§ Information:
-.-.-

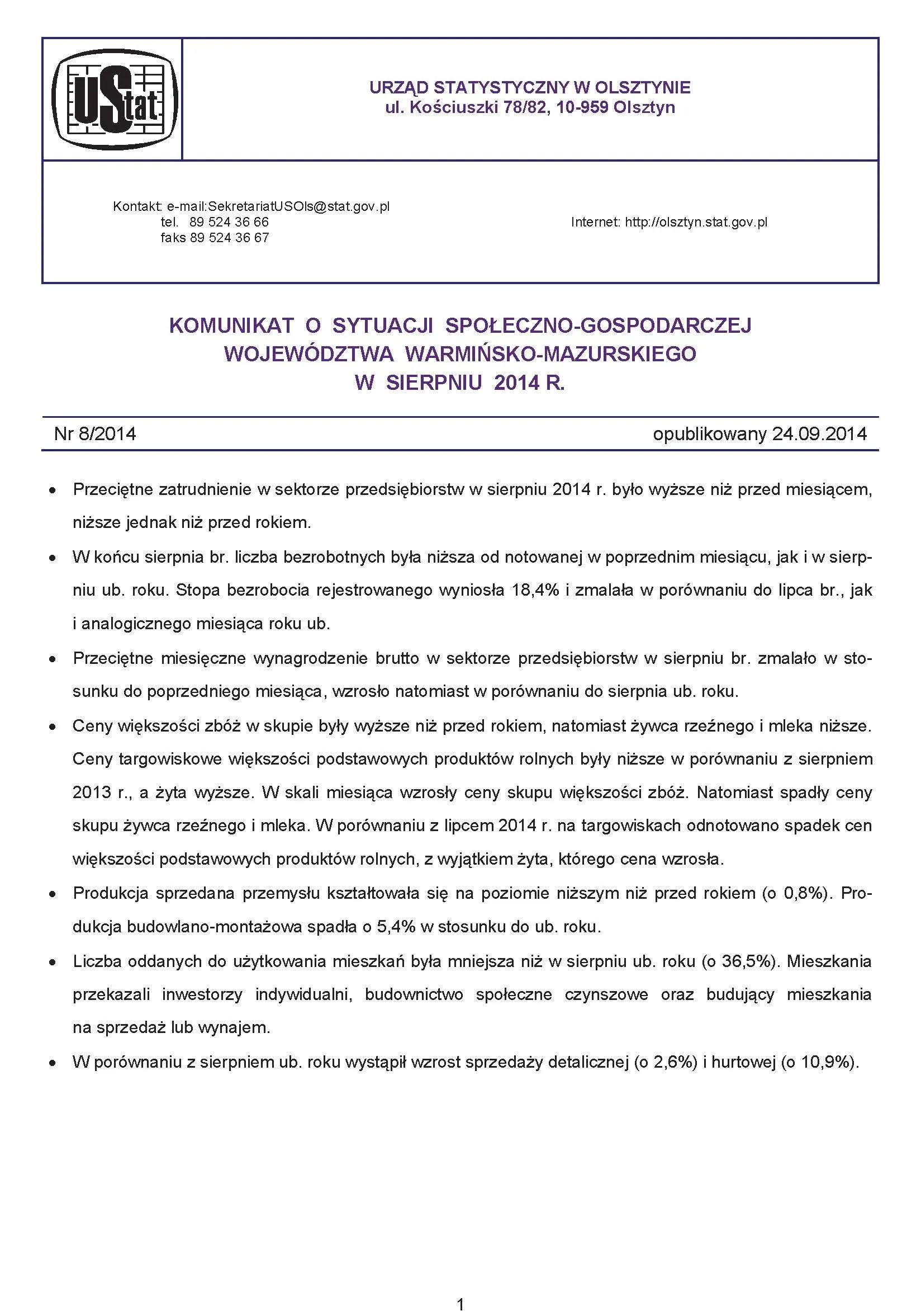 - Komunikat o sytuacji społeczno-gospodarczej województwa warmińsko-mazurskiego we wrześniu 2014 r.
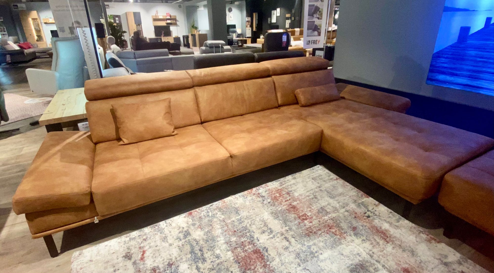 Die Interliving Sofa Serie 4254 ist ein individuell planbares Polstermöbelprogramm mit einem umfangreichen Typenplan. Dabei stehen qualitativ erstklassige Stoff- und Lederbezüge in verschiedenen Farben zur Wahl. Zu den optischen Highlights gehört die aufwendige Doppelnaht. Sie ist auf Wunsch auch in Kontrastfarbe umsetzbar. Hinsichtlich der Füße sind Varianten aus Holz oder Metall erhältlich. Des Weiteren kann die Sitzfläche glatt oder mit einer markanten Sitzsteppung bestellt werden. Auch funktional lassen sich die Möbel aus der Interliving Sofa Serie 4254 gezielt an die eigenen Bedürfnisse adaptieren. Die hochwertige Polsterung ist in zwei komfortablen Sitzhärten realisierbar: Federkern oder weicherer Softsitz. Zudem sind zwei Sitzhöhen, ca. 43 oder 46 cm, wählbar. Die bequeme Sitztiefenverstellung ist bereits inklusive. Die Sofas sind inklusive Kopfteil- und Armteilverstellung, wodurch das Sofa noch gemütlicher und flexibler wird. Zugeteilt wurde eine Eckkombination bestehend aus einem großen Zweisitzer sowie einem breiten Longseat. Die Elemente sind jeweils mit dem tabakfarbenen Stoff Linato bezogen sowie mit schwarzen Metallfüßen ausgestattet. Für hohen Komfort sorgt der Softsitz mit Markenschaum.
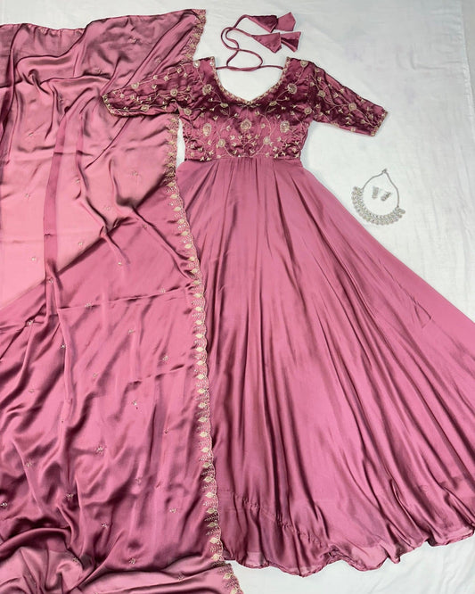 Roseberry Floral Embroidered Anarkali Set with sharara (Plazzo)
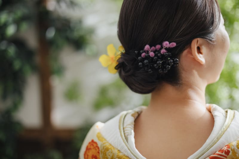 当店オリジナルの髪飾りをフィーチャー。新婦様とじっくり相談して仕上げていきます!
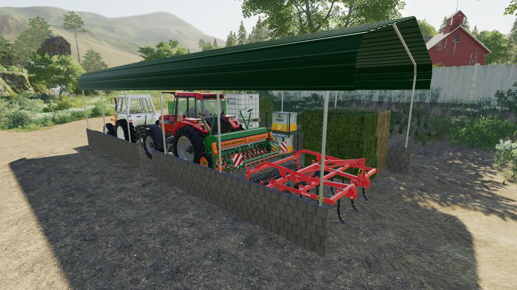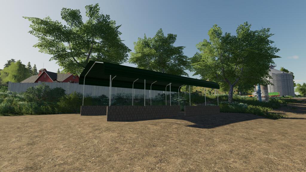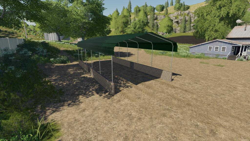 Simple 5 x 15 M open shed for storing vehicles, equipment, bales and pallets.
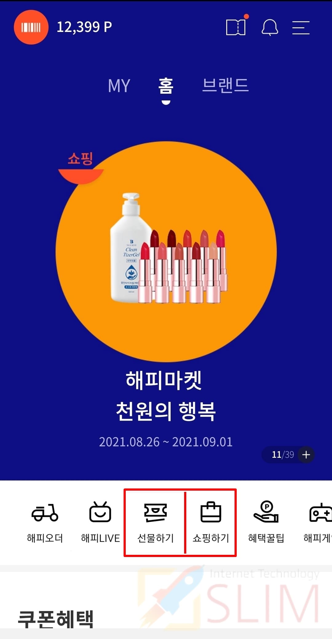1. 해피포인트 앱에서 선물 또는 쇼핑을 누릅니다.
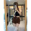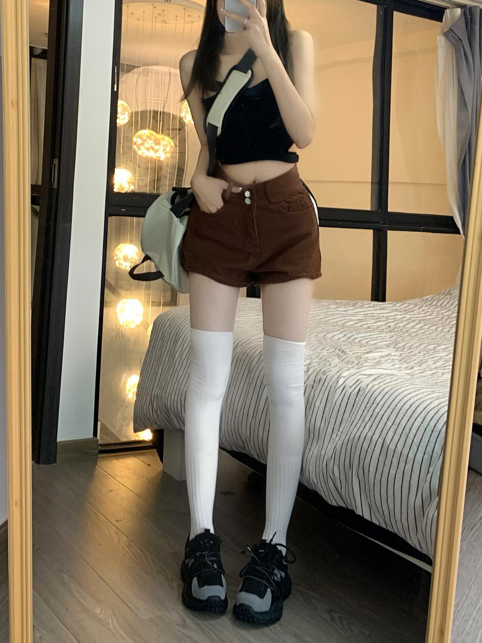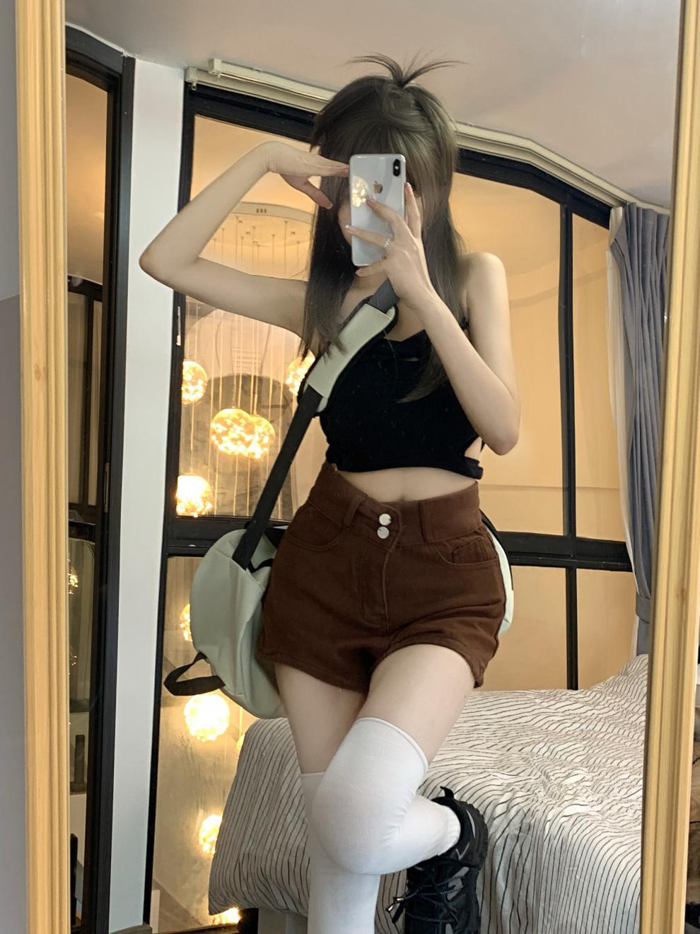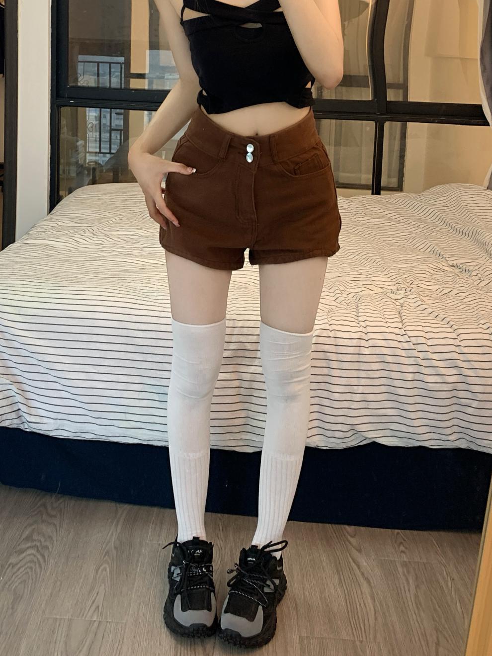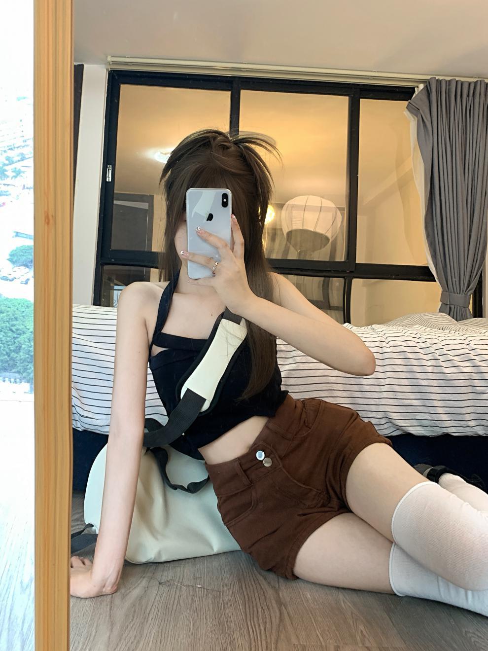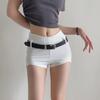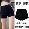 Shorts de Mezclilla Negros para Mujer Verano Nuevo Estilo Americano Doble Hebilla Cintura Alta Ajustados Slim Cadera Calientes Pantalones Línea A
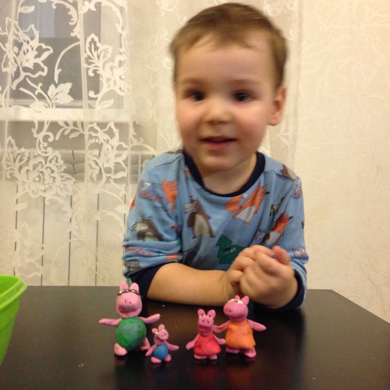 Прошу прощения за оффтоп. Не удержался. Скоро дедушкины солдаты будут нервно курить в сторонке. Внук Максим (2 года 3 месяца) и его "Хрю-Хрю". Воял часа 3. Оторвать не могли. Теперь всё в пластилине...
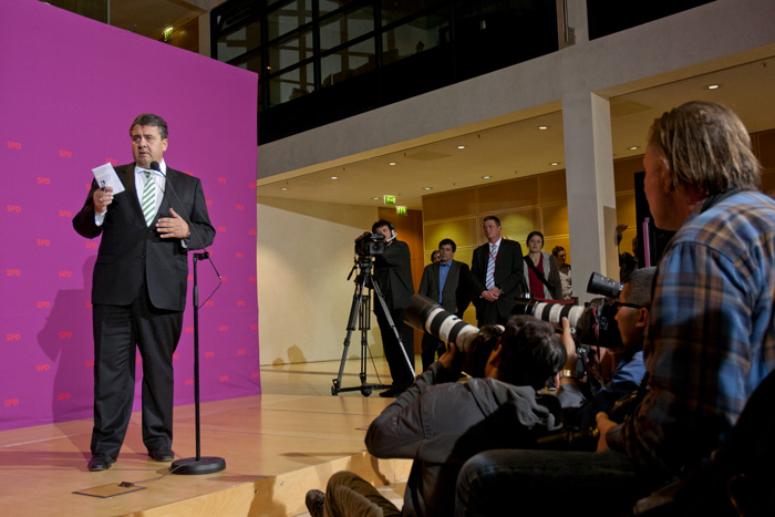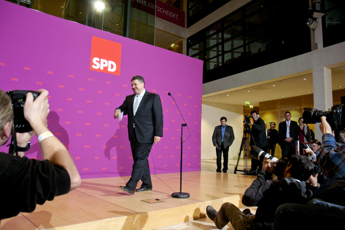 Sigmar Gabriel, dopo aver affermato ai giornalisti, di andare sicuri e confidenti alle trattative con la CDU, ha risposto fugacemente alla domanda di un giornalista riguardante il secondo peggior risultato elettorale della storia dell’SPD.
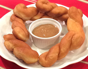 Divide the dough into 14 pieces. Start rolling dough into cigar and twist it.
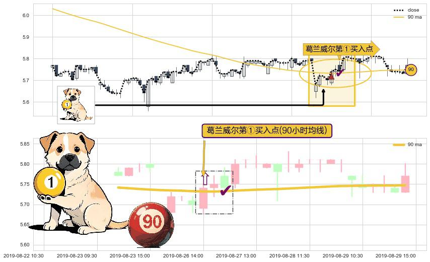 ⚀ 2019-08-26 14:00:00-小时显现 葛兰威尔均线 90小时均线 第买①入点 走势反转见底信号,后市看涨,买进信号
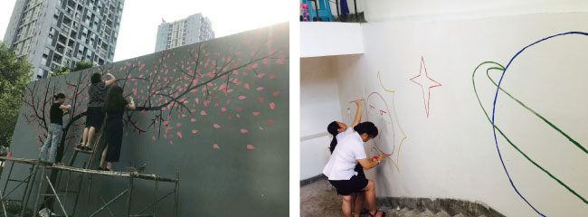 “灿烂的向日葵”、“母女”更增强了我们的自信,让我们有勇气挑战外墙大型彩绘。

-.-.-

§ Activity: In the records above, locate the line with "Divide the dough"; output it and each line after it through the last one, exactly, omitting pictures.

§ Result for this task:
 Divide the dough into 14 pieces. Start rolling dough into cigar and twist it.
 ⚀ 2019-08-26 14:00:00-小时显现 葛兰威尔均线 90小时均线 第买①入点 走势反转见底信号,后市看涨,买进信号
 “灿烂的向日葵”、“母女”更增强了我们的自信,让我们有勇气挑战外墙大型彩绘。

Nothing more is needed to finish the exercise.